Interface ISequenceEncoder

  • All Known Implementing Classes:
    NoEncoder, TrimInfixAndSuffixEncoder, TrimPrefixAndSuffixEncoder, TrimSuffixEncoder

    public interface ISequenceEncoder
    The logic of encoding one sequence of bytes relative to another sequence of bytes. The "base" form and the "derived" form are typically the stem of a word and the inflected form of a word.

    Derived form encoding helps in making the data for the automaton smaller and more repetitive (which results in higher compression rates).

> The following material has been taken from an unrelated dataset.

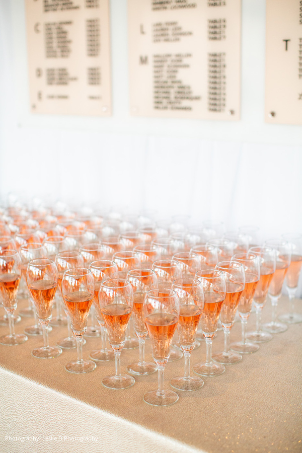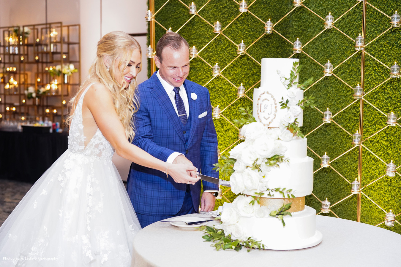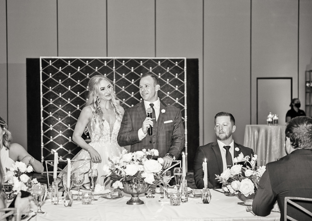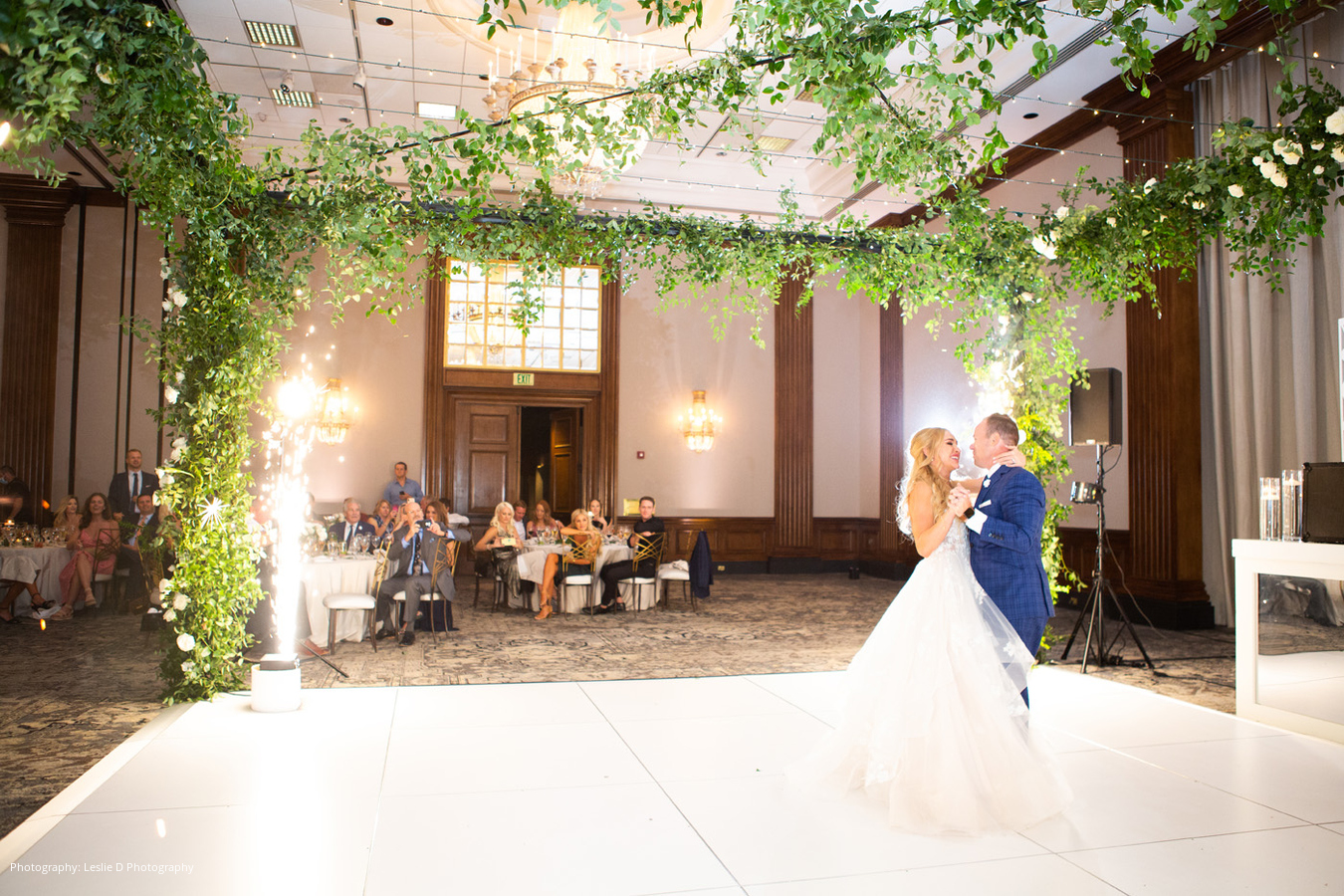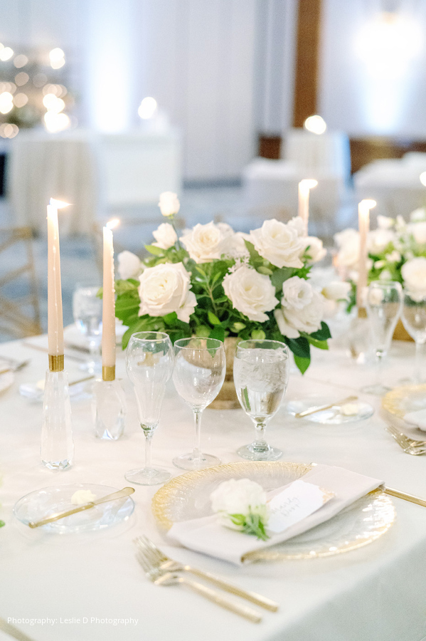 When the big day arrived, a violinist serenaded the bride and groom as they had their first look under an arch of white roses and greenery. They laughed and cried as they read their vows privately to each other and said, “I do,” and the couple made sure to enjoy each moment of their intimate September wedding. Later that evening, a ballroom reception unfolded with white florals and candlelight, perfectly captured by Leslie D Photography.

    See example implementation for details.

    • Method Detail

      • encode

        ByteBuffer encode​(ByteBuffer reuse,
                          ByteBuffer source,
                          ByteBuffer target)
        Encodes target relative to source, optionally reusing the provided ByteBuffer.
        Parameters:
        reuse - Reuses the provided ByteBuffer or allocates a new one if there is not enough remaining space.
        source - The source byte sequence.
        target - The target byte sequence to encode relative to source
        Returns:
        Returns the ByteBuffer with encoded target.
      • prefixBytes

        @Deprecated
        int prefixBytes()
        Deprecated.
        The number of encoded form's prefix bytes that should be ignored (needed for separator lookup). An ugly workaround for GH-85, should be fixed by prior knowledge of whether the dictionary contains tags; then we can scan for separator right-to-left.
        See Also:
        "https://github.com/morfologik/morfologik-stemming/issues/85"